— Когда станешь выбирать одежду, возьми что-нибудь с горлом. У тебя засос, и будет очень непросто притворятся и дальше, если его кто-нибудь увидит.
Резко прикладываю руку к участку, который определяю не глядя. Он пульсирует и печет, и когда я смотрю в зеркало, лишь убеждаюсь. Там действительно засос размером, наверно, с абрикос.
«Твою мать!»
В результате совету я следую, натягивая бежевый, свободный свитер с горлом и лосины, а когда заканчиваю, неловко сжимаю ладони и снова захожу в спальню. Максимилиан так и сидит за столом, только теперь не печатает, а долго, пристально смотрит в экран ноутбука, делаю маленькие глотки очередной порции виски. Вообще, даже странно, как он не загорается еще, когда чиркает зажигалкой и подносит ее к лицу, чтобы прикурить сигарету. Я замечала и раньше, что он много пьет, но летом этого почти не было, зато теперь, кажется, он наверстывает упущенное.
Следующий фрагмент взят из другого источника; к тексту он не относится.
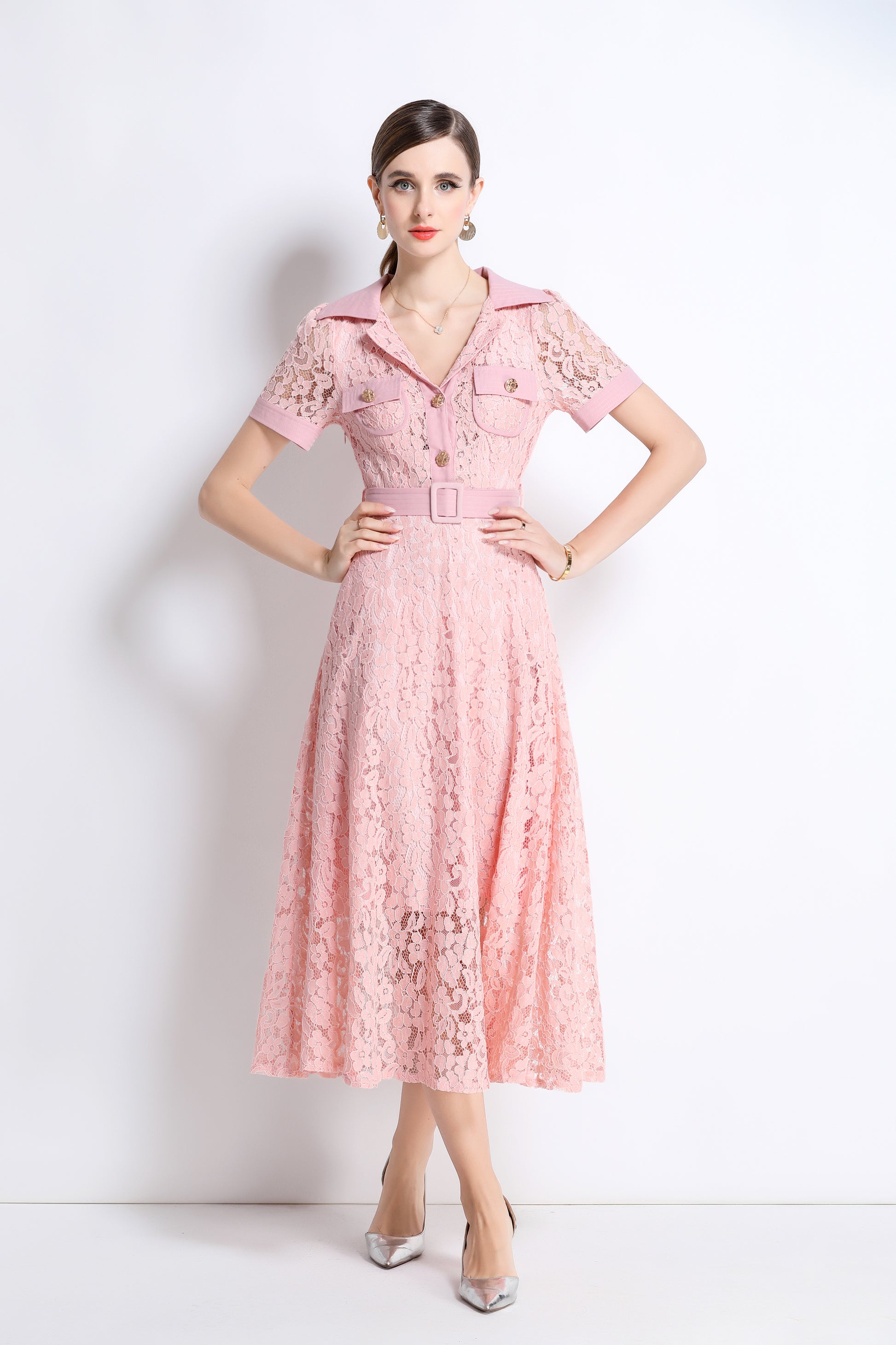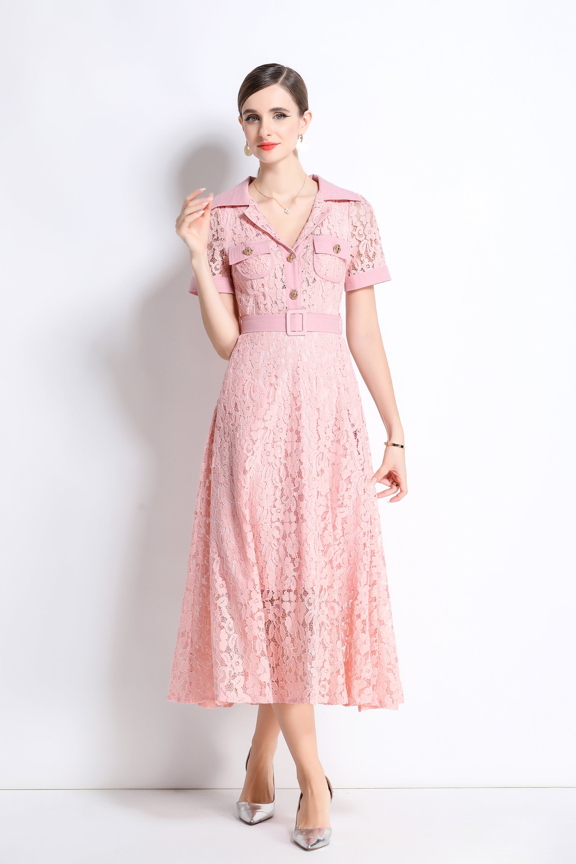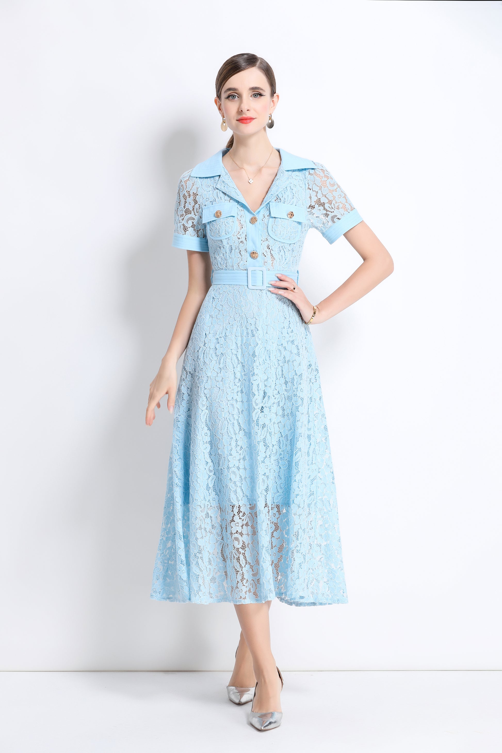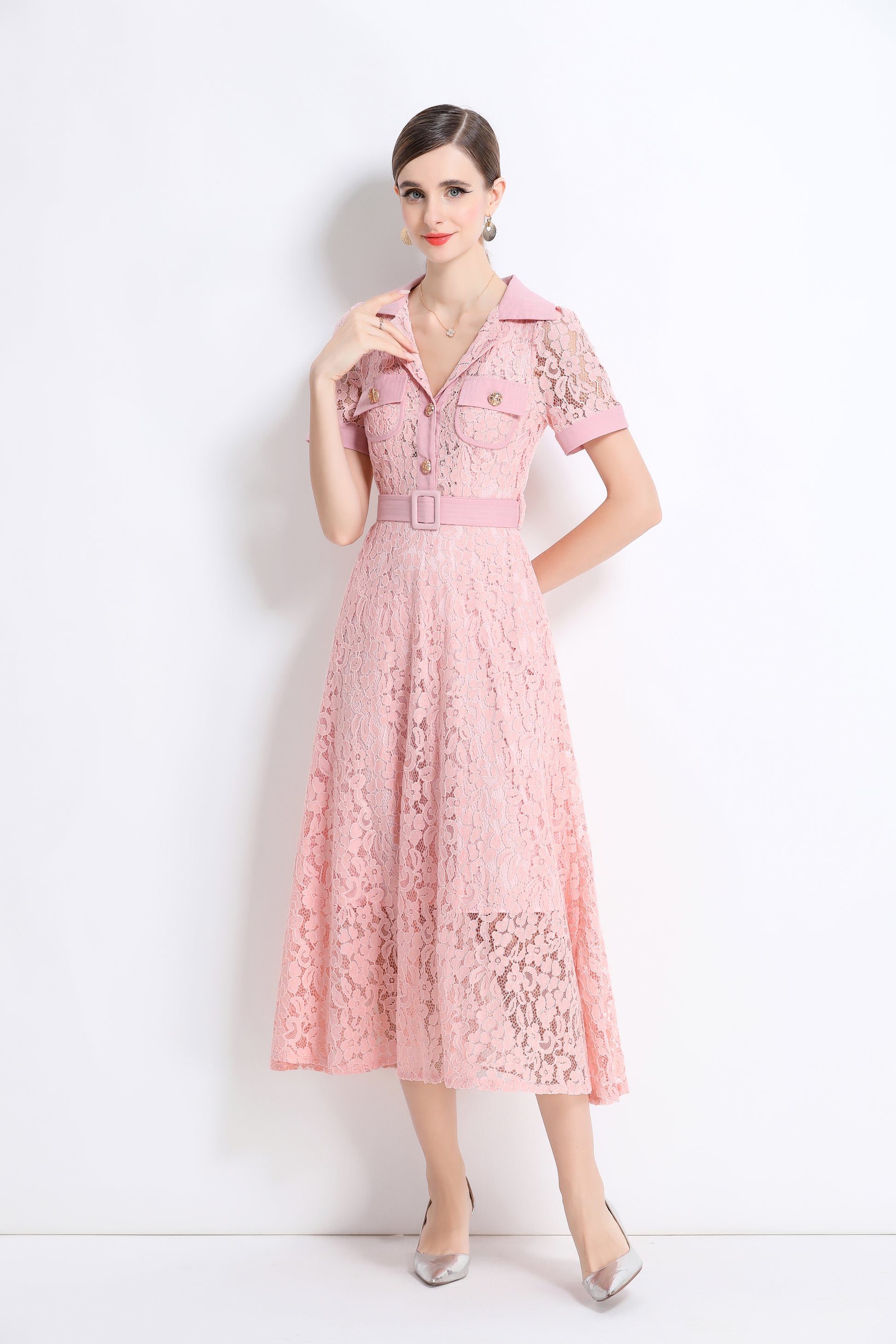 Features: lapel v neck, short sleeves, front buttons, with a belt, lace, lining, pocket decoration.

Мне даже на секунду становится интересно, что так сильно его беспокоит, раз он не представляет свою жизнь без бухла, но я во время прикусываю язык.
«Не мое это дело…»
— Пошли.
Говорит коротко, залпом осушая стакан и со стуком оставляя его на столе.
«Ну вот и все…мы спускаемся в ад…» — так я думаю, пока мы идем по коридору, который действительно очень и очень внушительный.
Вчера мне не показалось, что размеры дома впечатляют, потому что когда я оборачиваюсь и бегло осматриваюсь, вижу, что дверей помимо его комнаты, еще как минимум шесть с одной стороны и три с другой.
«Интересно, сколько здесь комнат и почему мне нельзя отдельную, раз их не впритык на всех?!» — вопрос задавать даже не думаю, это ведь роскошь, которая слугам и заложницам недоступна.
Столовая этого замка точно ему под стать: такая же огромная, с все теми же панорамными окнами в пол, светлая и теплая. Здоровенный дубовый стол стоит точно по середине с рядом стульев, над ним еще одна очень красивая люстра, похожая на ту, что есть у лестницы, только вместо цветочков на концах шарики. Еще здесь есть камин у южной стены, где мерно потрескивают дрова, и, само собой, бар. Алкоголя даже больше, чем у Максимилиана в комнате: разные бутылки, разных форм, стран, с разными этикетками, на любой вкус короче. Здесь нас ждет всего один человек — Алексей, — который приветствует со мной, и которому я, естественно, не отвечаю.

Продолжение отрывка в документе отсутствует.